- Died: 1678 Rotterdam
- Rank: Colonel
- Conflicts: Kilsyth, Dunbar, Rullion Green

= James Wallace of Auchens =

Scottish Presbyterian soldier (d. 1678)

James Wallace was a Scottish soldier and covenanter. He was the son of Matthew Wallace and Agnes Somervell and succeeded about 1641 to his father's lands at Auchans, Ayrshire. Early in life he adopted the military profession, and became lieutenant-colonel in the parliamentary army. He went to Ireland in the Marquis of Argyll's regiment in 1642, and in 1645 was recalled to oppose the progress of Montrose. He joined the covenanters under General Baillie, and was taken prisoner at the Battle of Kilsyth (Murdoch and Simpson, Deeds of Montrose, 1893, pp. 125, 329). Returning to Ireland before 1647, he was appointed Governor of Belfast in 1649, but was deprived of the office in June of that year. Soon afterwards he removed to Redhall, Ballycarry, near Carrickfergus, where he married in 1649–50. Removing to Scotland in 1650, when Charles II came to Scotland on the invitation of the Scots parliament, Wallace was appointed lieutenant-colonel of a foot regiment under Lord Lorne. At the Battle of Dunbar Wallace was again made prisoner. On his colonel's petition, as a reward for his services, he was ‘referred to the committee of estates, that he may be assigned to some part of excise or maintenance forth of the shire of Ayr.’ Wallace lived in retirement from the Restoration till the Pentland rising, in which he took a very active part as leader of the insurgents. One of Wallace's earliest prisoners in the rising was Sir James Turner, who had been his companion in arms twenty-three years before. During his captivity Turner was constantly with Wallace, of whose character and rebellion he gives a detailed account. On 28 November 1666 Wallace's forces and the king's, under the command of General Dalzell, came within sight of each other at Ingliston Bridge. Wallace was defeated, and, with his followers, took to flight. He escaped to Holland, where he took the name of Forbes. He was condemned and forfeited in August 1667 by the justice court at Edinburgh, and this sentence was ratified by parliament on 15 December 1669. In Holland Wallace was obliged to move from place to place for several years to avoid his enemies, who were on the lookout for him. He afterwards lived in Rotterdam; but on the complaint of Henry Wilkie, whom the king had placed at the head of the Scottish factory at Campvere, Wallace was ordered from Holland. Wallace, however, returned some time afterwards, and died at Rotterdam in the end of 1678.

==Early life==
James Wallace, usually called Colonel Wallace, leader of the Covenanters at the battle of Pentland Hills, was descended from the Wallaces of Dundonald, a branch of the Wallaces of Craigie.
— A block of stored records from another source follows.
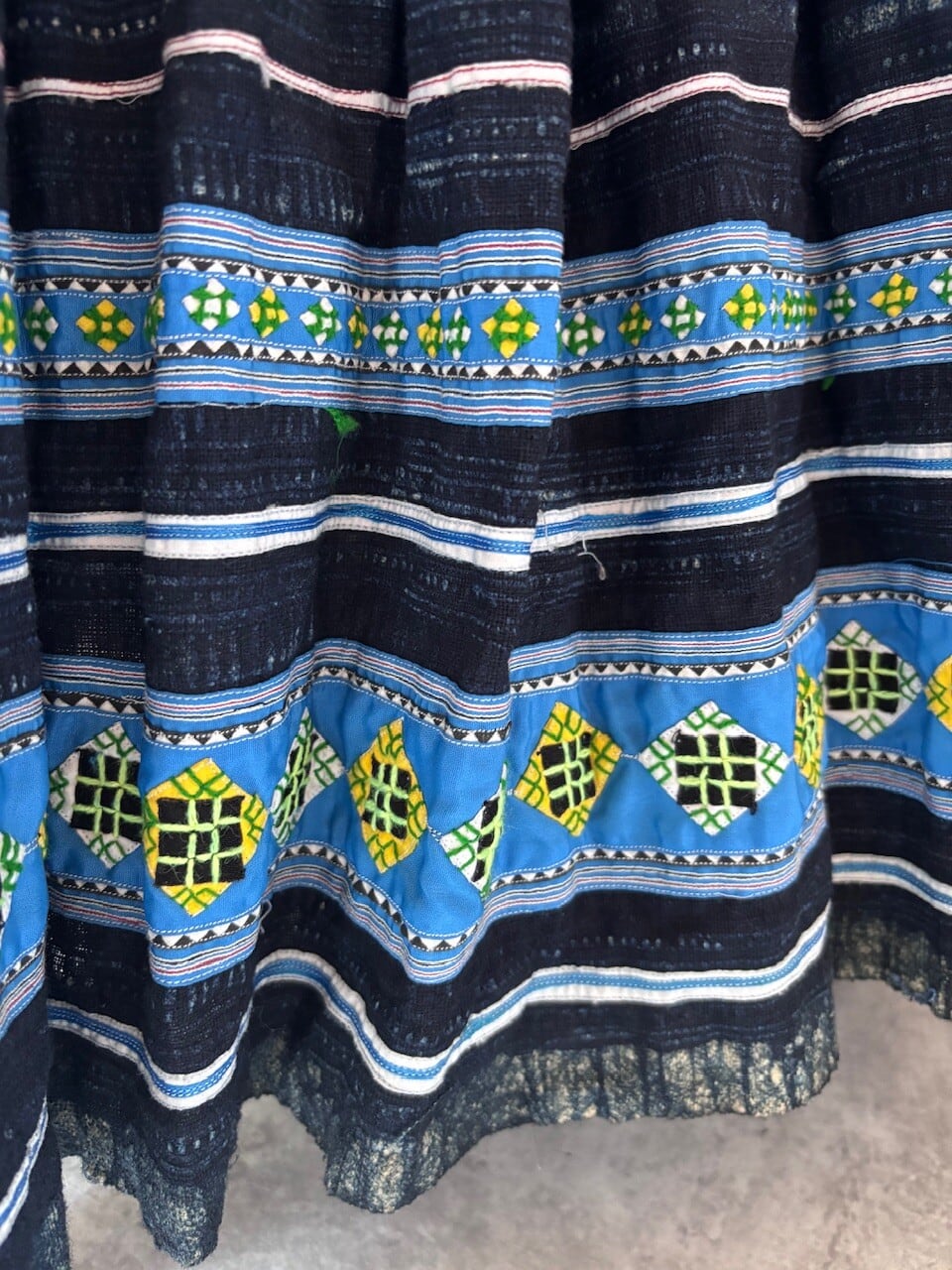 青モン族のアップリケが素敵なスカートです。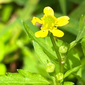 これは上部の葉が腺状なのでウマノアシガタでしょうか? ♡かし様にキツネノボタンと教えていただきました ♢下の二枚の花弁の間にそり返る萼片が見えます ※キンポウゲ科キンポウゲ属 7/2撮影 北海道から九州まで分布 草丈30〜50cm 根生葉は葉柄が長く3出複葉 小葉は卵形で切れ込みが入って2〜3裂 茎生葉は上にいくほど柄が短く互生 キツネノボタンは萼片がそり返りウマノアシガタは反り返らないようです 花期5〜7月 黄色の5弁花で光沢あり 花後に金平糖のような果実が付く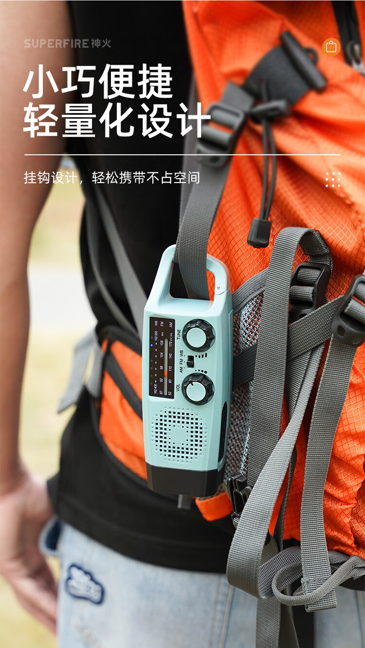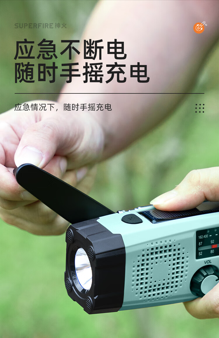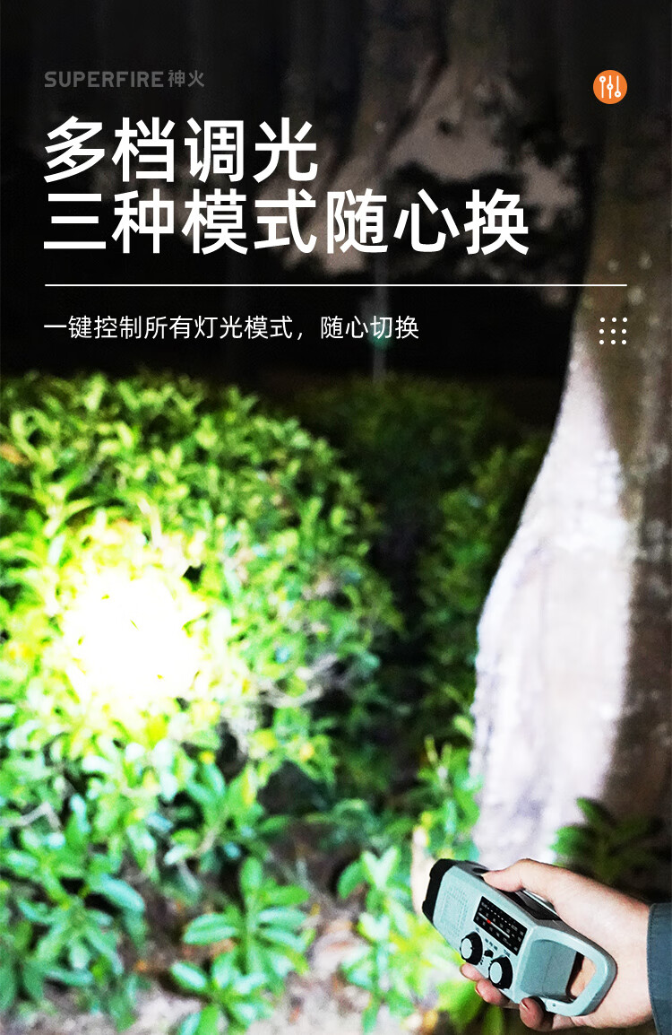 这款神火应急手电筒功能全面,可以C口充电又可手摇与太阳能双发电保障,野外断电都不慌。收音清晰,照明持久,做工扎实,体积也便携。是家庭应急、户外探险的可靠帮手,安全感十足,值得入手!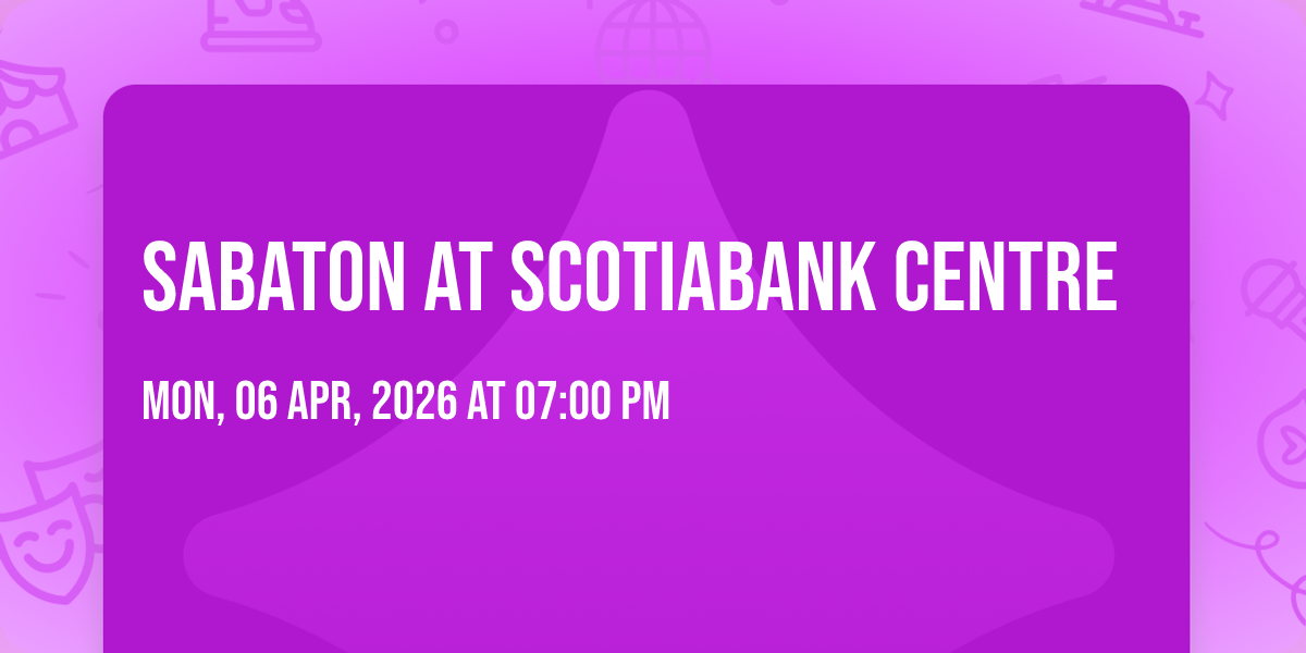 🌟 Journey into wonder at Sabaton at Scotiabank Centre, where extraordinary experiences await around every corner! 🏛️ Set against the backdrop of Scotiabank Centre in dynamic Halifax, NS, this event promises to exceed all expectations. 📅 Join us on September 23rd, 2026 at 07:00 PM for a celebration that combines innovation, entertainment, and community spirit in perfect harmony. ✨ There will be an atmosphere where memories are made and stories come alive, ensuring every guest experiences something truly remarkable. 🎊 This is more than just an event; it's a journey into the extraordinary!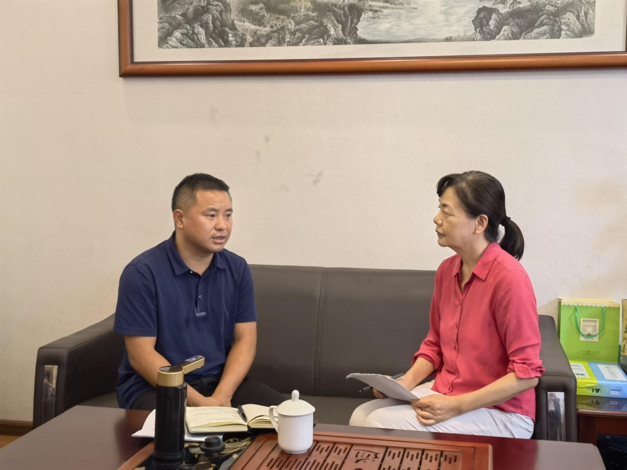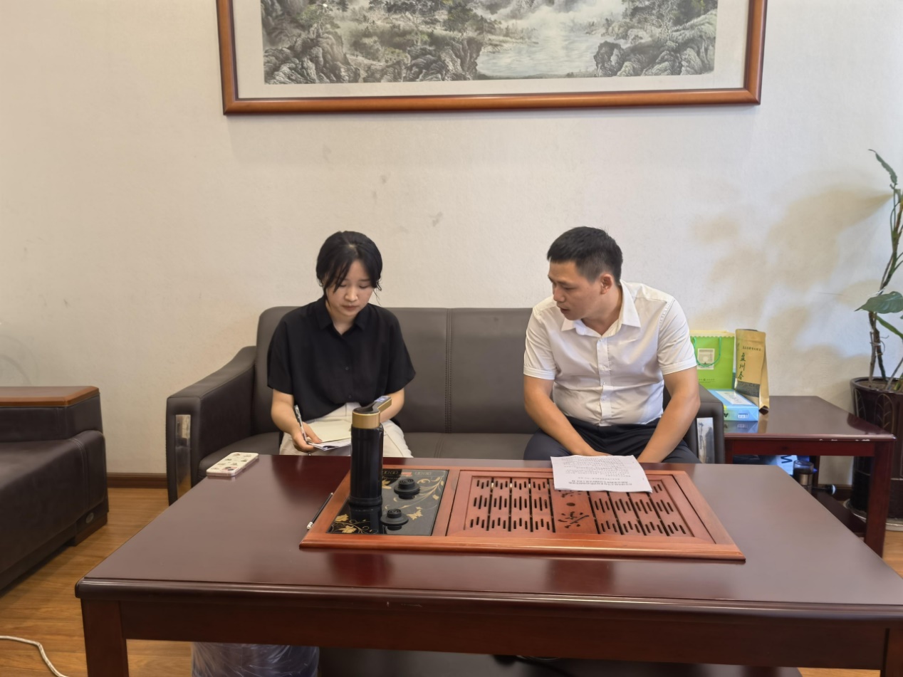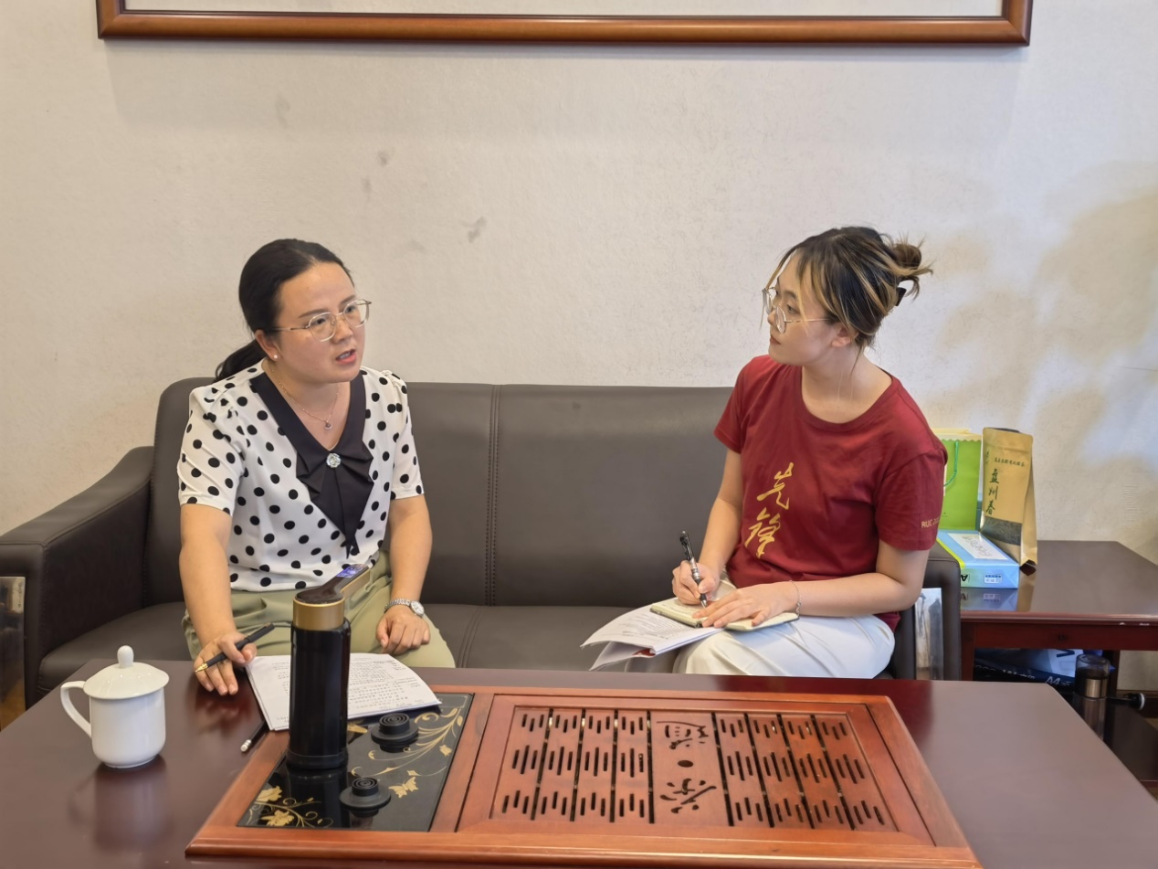 ▲访谈团硕士生傅蔷访谈县茶源街道党工委书记陆江平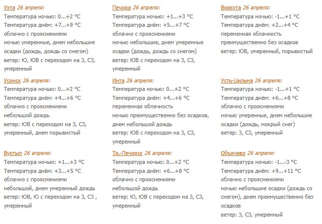 Погода в Коми 26 апреля: днем +7...+12°С, в Воркуте -1...+4°С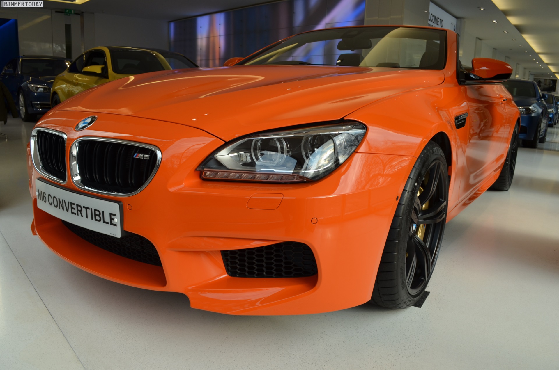 Nicht jede Farbe hält das mit ihrem Namen einhergehende Versprechen, bei der BMW Individual-Lackierung Feuerorange sind derartige Befürchtungen aber völlig unangebracht. BMW Park Lane in London zeigt am Beispiel eines BMW M6 Cabrio F12, wie auffällig die Farbe sein kann und macht das üppig motorisierte Luxus-Cabrio damit zu einem der Hingucker im prominent bestückten Showroom.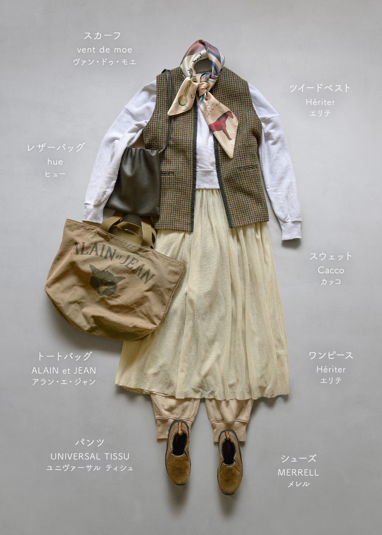 秋らしいツイードのベストを主役にしました。白い服が好きで、普段からよく着ているのですが、コットンチュールのワンピースは、軽い着心地でしわにもなりにくく、装いに華を添えてくれるので旅の時に重宝しています。Q6. 旅の装いを選ぶとき、なにを一番意識しますか?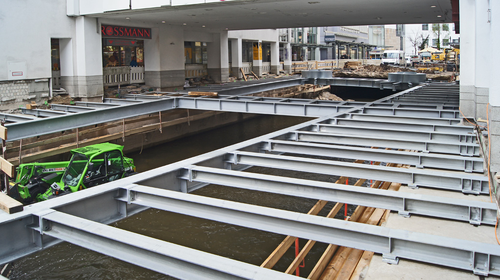 Am 11. September wird der erste Innenstadt-Abschnitt als Verbindung von der Neuen Mühle an der Heinrich-Heine-Straße bis zur Schlagvorderstraße eröffnet: Länge 215 Meter, Kosten 670.000 Euro.

Neither the place nor the year of his birth is known; but in the sentence of death, which was passed against him in absence after the battle of Pentland, he is styled "of Auchens," an estate situated in the parish of Dundonald, in Ayrshire, and which was the family-seat of his ancestors, and most probably his own 'birth-place. Of his education there is equally little known as of the other particulars alluded to.

==Military career==
He appears, however, to have adopted the military profession at a very early period of life, and having distinguished himself in the parliamentary army was raised to the rank of lieutenant-colonel. He went to Ireland in the Marquis of Argyle's regiment in the year 1642, and in 1645 was recalled to oppose the progress of the Marquis of Montrose. At what period of the straggle Colonel Wallace joined the army of the Covenanters under General Baillie is unknown, but he was at the Battle of Kilsyth, where he was taken prisoner.

==At Charles' return==

The Battle of Dunbar 1650

In 1650, when Charles II came from the Continent at the entreaty of the Scottish parliament, two regiments being ordered to be embodied of "the choicest of the army, and fittest for that trust," one of horse and another of foot, as his body-guards, Wallace was appointed lieutenant-colonel of the foot regiment, under Lord Lorn, who was colonel. Sir James Balfour, lord lyon king-at-arms, by his majesty's command set down the devices upon the ensigns and colours of these regiments. Those of the lieutenant-colonel [Wallace] were azure, a unicorn argent, and on the other side, in "grate gold leters," these words, "Covenant for religion, king, and kingdoms." At the battle of Dunbar Wallace was again made prisoner; and in the end of that year Lord Lorn, in a petition to the parliament, says, "In respect my lieutenant-colonel has, in God's good providence, returned to his charge, whose fidelity in this cause is well known both in Ireland and in this kingdom, and that his losses are very many and great, I do humbly desire that your majesty and this high court of parliament may be pleased in a particular manner to take notice of him, that he may not only have a company appointed him, but likewise something may be done for the satisfaction of his former losses." Upon this petition the committee of bills reported "that Lieutenant-colonel Wallace may be referred to the Committee of Estates, that he may be assigned to some part of the excise or maintenance forth of the shire of Ayr, or any other of the shires in the south."

==The Pentland Rising==
Colonel Wallace seems to have lived in retirement from the Restoration till the month of November, 1666, when Maclellan of Barscob, and some other men who had been driven into hiding, happening to fall in with some soldiers whom they found maltreating a poor old countryman. They immediately disarmed the soldiers, and thus spontaneously start the Pentland Rising. Having already committed themselves by helping, they anticipated vengeance from Sir James Turner as one soldier was injured in the confrontation. Therefore, they moved quickly and surprised him with his whole party where he lay, in the town of Dumfries, about sixteen miles distant. Accordingly, having assembled their friends, to the number of about fifty horse with a few foot, they marched into that town upon Thursday, the 15 of November, and made Sir James prisoner with his whole party, wounding only one man. The insurgents on this occasion were led by a Mr. Andrew Gray, a merchant in Edinburgh, who happened by chance to be in that part of the country at the time. Neilson of Corsack, however, was the leader, before whom Sir James Turner, upon being made prisoner, was brought. From this gentleman he obtained quarter and protection; but when Gray, the chief of the party, came up, he insisted upon having him shot upon the spot. They finally, however, set him upon a sorry beast, and carried him about with them in his deshabille, and in this manner proceeded to the market-cross, where they drank the king's health and prosperity to his government. Sir James, however, for some days could not believe but that they intended to hang him when they should find time and place suitable.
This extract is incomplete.